Amigas, eu oí dizer

Nota geral

Esta cantiga e uma outra, transcrita apenas pelo Cancioneiro da Vaticana, são de uma originalidade quase única nos Cancioneiros. Trata-se, como uma leitura rápida parece mostrar, de duas típicas cantigas de amigo, aparentemente semelhantes a muitas outras. Mas as rubricas que as acompanham explicam-nos que não é assim: de facto, Gonçalo Eanes do Vinhal alude aqui aos propalados amores da rainha-viúva D. Joana, madrasta de Afonso X, com o seu outro enteado, D. Henrique, irmão do rei. Estamos, pois, perante duas verdadeiras cantigas de escárnio, sob esta subtil e inesperada forma de cantigas de amigo.

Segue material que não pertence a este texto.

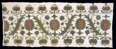 The middle line is decorated with foliage of large serrated acanthus leaves with a pomegranate in each curve. The leaves are further enriched with tulips and radial rosettes. The two outer borders are with rows of pomegranates above two lobed leaves. This piece is a representative of a highly stylized and richly decorated type of domestic embroidery.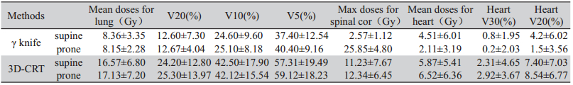 不论采用仰卧体位还是俯卧体位,γ刀治疗都 能很好的保护患者的肺、心脏和脊髓,见图 1~4、表 1。

Se bem que a alegada relação amorosa entre D. Henrique e a sua madrasta possa não passar de simples maledicência, todas as referências históricas feitas na cantiga são exatas. Na verdade, o monarca e o seu irmão entraram em litígio pouco depois da conquista de Sevilha, ainda no tempo de Fernando III, litígio que se prolongou durante vários anos. A cantiga refere um dos episódios finais da disputa, o recontro que opôs as tropas reais e as de D. Henrique (senhor de Morón), perto de Lebrija, e no qual D. Henrique foi derrotado, derrota que o levou ao exílio, mencionado na segunda cantiga. Os factos passaram-se em 1259, o que nos permite datar com exatidão as duas cantigas.